**Task material**:

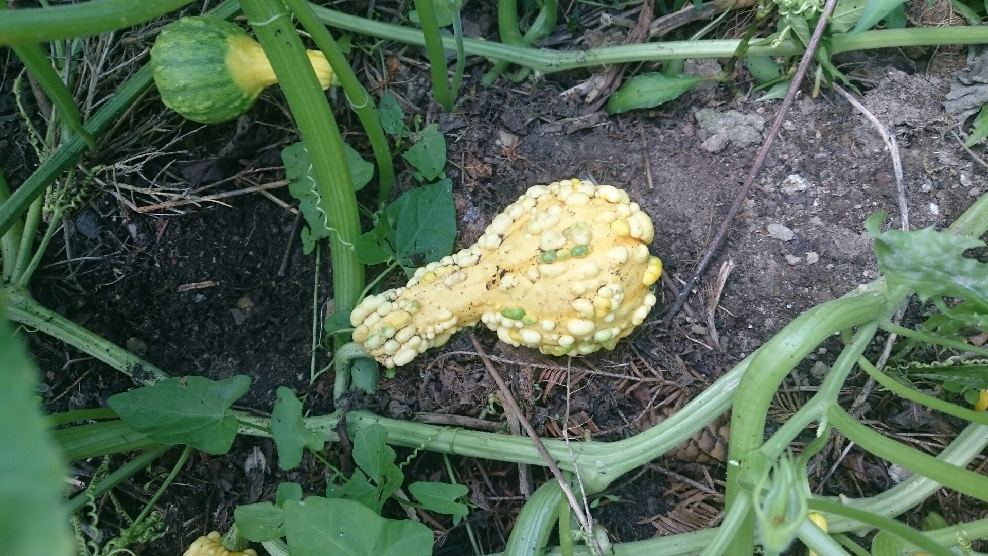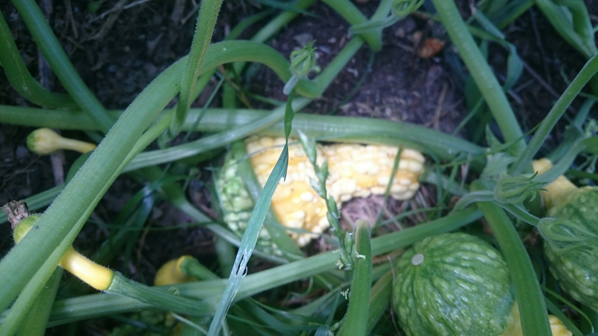 Nachdem die Pflanze schon verdört war, fing sie nun doch noch zu wachsen an. Jetzt weiß ich aber nicht mehr ob ich hier Zierkürbis oder Speisekürbisse angepflanzt habe.
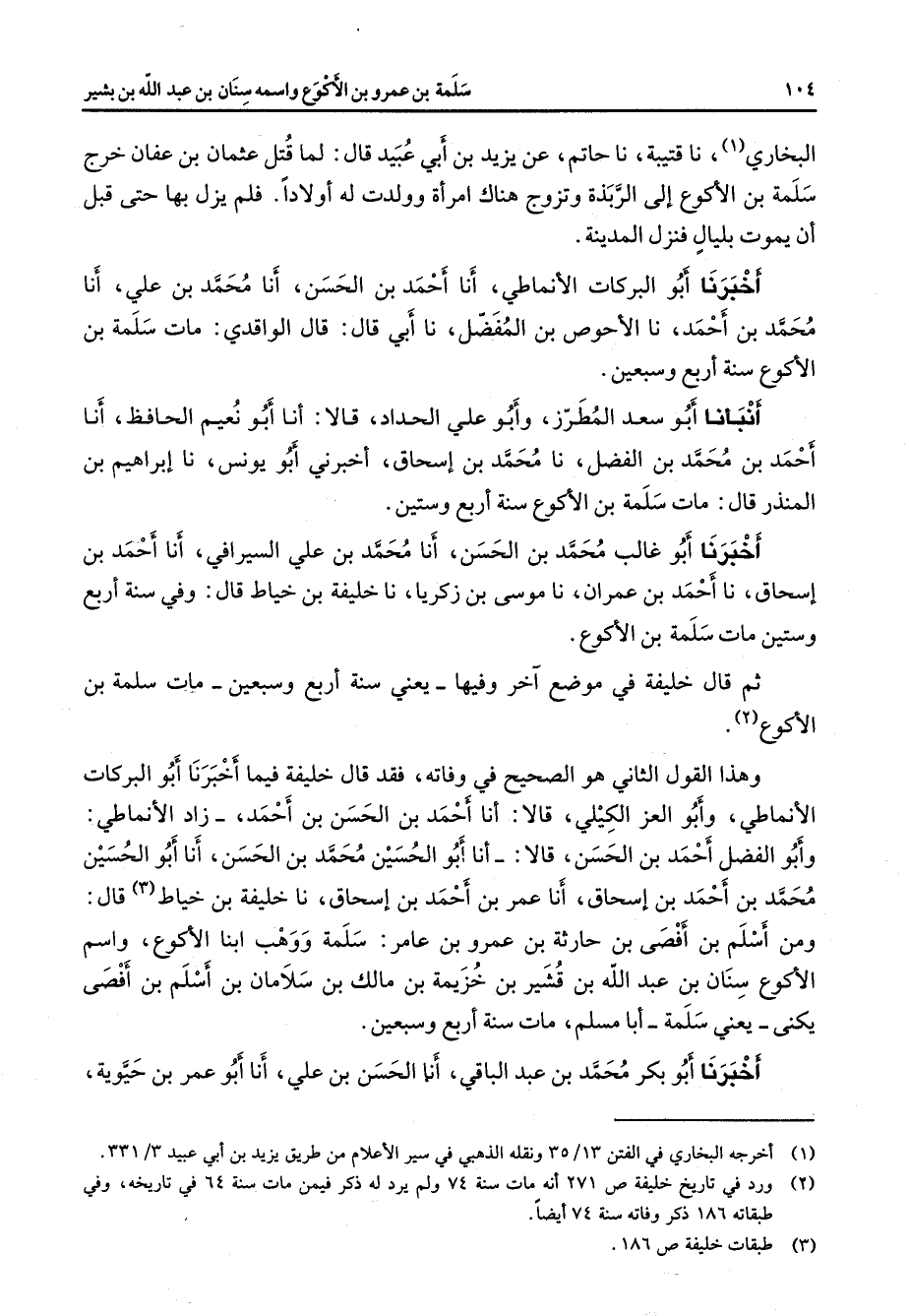 البخاري (1) نا قتيبة نا حاتم عن يزيد بن أبي عبيد قال لما قتل عثمان بن عفان خرج سلمة بن الأكوع إلى الربذة وتزوج هناك امرأة وولدت له أولادا فلم يزل بها حتى قبل أن يموت بليال فنزل المدينة أخبرنا أبو البركات الأنماطي أنا أحمد بن الحسن أنا محمد بن علي أنا محمد بن أحمد نا الأحوص بن المفضل نا أبي قال قال الواقدي مات سلمة بن الأكوع سنة أربع وسبعين أنبأنا أبو سعد المطرز وأبو علي الحداد قالا أنا أبو نعيم الحافظ أنا أحمد بن محمد بن الفضل نا محمد بن إسحاق أخبرني أبو يونس نا إبراهيم بن المنذر قال مات سلمة بن الأكوع سنة أربع وستين أخبرنا أبو غالب محمد بن الحسن أنا محمد بن علي السيرافي أنا أحمد بن إسحاق نا أحمد بن عمران نا موسى بن زكريا نا خليفة بن خياط قال وفي سنة أربع وستين مات سلمة بن الأكوع ثم قال خليفة في موضع آخر وفيها يعني سنة أربع وسبعين مات سلمة بن الأكوع (2)
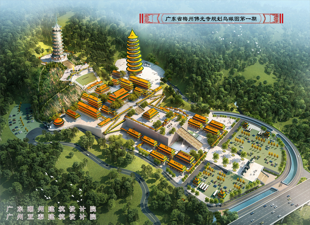 筹建中项目有:山门、天王殿及其附层,大雄宝殿及附层,佛光塔等,即按总体规划方案建造。
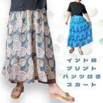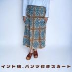 パンツスカート プリント マキシ スカート 付き パンツ 綿ローン インド綿
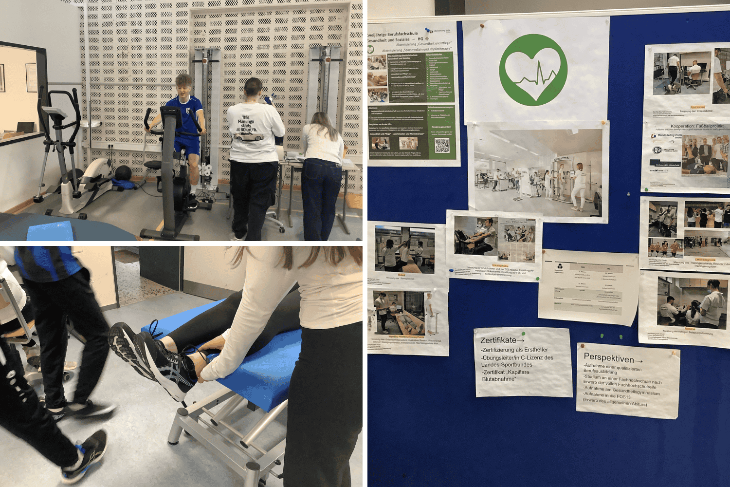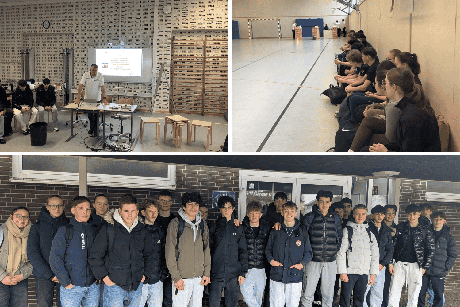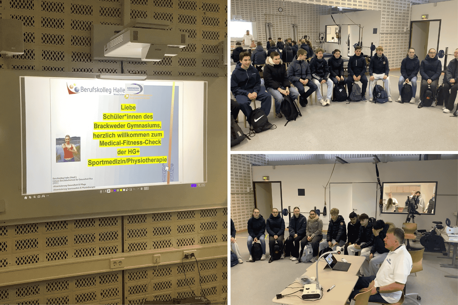 Am Dienstag, den 17. März 2026, sind wir mit unserem Differenzierungskurs „Sport – Mehr als nur Bewegung“ der Jahrgangsstufe 9 zum Berufskolleg nach Halle gefahren. Dort führten (Berufs-)Schülerinnen und -Schüler aus dem Fachbereich „Gesundheit und Soziales“ unter der Leistung des Lehrers Dr. Christian Schürmann eine umfassende sportmedizinische Untersuchung (Medical-Fitness-Check) an uns durch. Ziel war es, verschiedene Leistungsdaten von uns zu messen und eine Aussage über den eigenen aktuellen Leitungs- und Gesundheitsstand zu erhalten. Diese praktische Erfahrung verknüpft die im Theorieunterricht behandelten Themen und kann dazu dienen, individuelle Trainingsempfehlungen zu berücksichtigen.
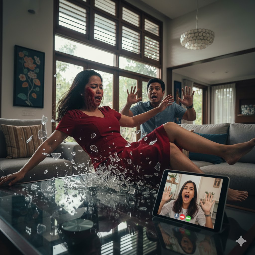 The sickening sound of our glass coffee table shattering beneath her made me scream.
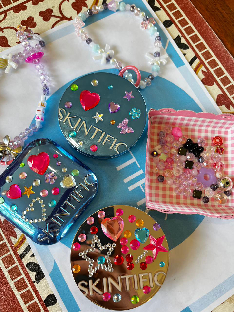 ”Untuk saat ini saya buat phone strap, bag charm, keychain, jam manik, cincin, gelang, kalung, bros, mini buket manik, dan lain-lain, mulai dari 5 ribu sampai 150 ribu,” sebutnya.
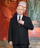 Праздничное Пасхальное богослужение в кафедральном соборном храме Христа Спасителя. Президент России Владимир Путин (слева) и мэр Москвы Сергей Собянин (справа) во время пасхальной службы.

**Work to be completed**: Copy exactly, without pictures, the lines above from the one with "パンツスカート プリント マキシ スカート 付き パンツ 綿ローン インド綿" down to the one with "saat ini saya", inclusive.

**Answer box**:
 パンツスカート プリント マキシ スカート 付き パンツ 綿ローン インド綿
 Am Dienstag, den 17. März 2026, sind wir mit unserem Differenzierungskurs „Sport – Mehr als nur Bewegung“ der Jahrgangsstufe 9 zum Berufskolleg nach Halle gefahren. Dort führten (Berufs-)Schülerinnen und -Schüler aus dem Fachbereich „Gesundheit und Soziales“ unter der Leistung des Lehrers Dr. Christian Schürmann eine umfassende sportmedizinische Untersuchung (Medical-Fitness-Check) an uns durch. Ziel war es, verschiedene Leistungsdaten von uns zu messen und eine Aussage über den eigenen aktuellen Leitungs- und Gesundheitsstand zu erhalten. Diese praktische Erfahrung verknüpft die im Theorieunterricht behandelten Themen und kann dazu dienen, individuelle Trainingsempfehlungen zu berücksichtigen.
 The sickening sound of our glass coffee table shattering beneath her made me scream.
 ”Untuk saat ini saya buat phone strap, bag charm, keychain, jam manik, cincin, gelang, kalung, bros, mini buket manik, dan lain-lain, mulai dari 5 ribu sampai 150 ribu,” sebutnya.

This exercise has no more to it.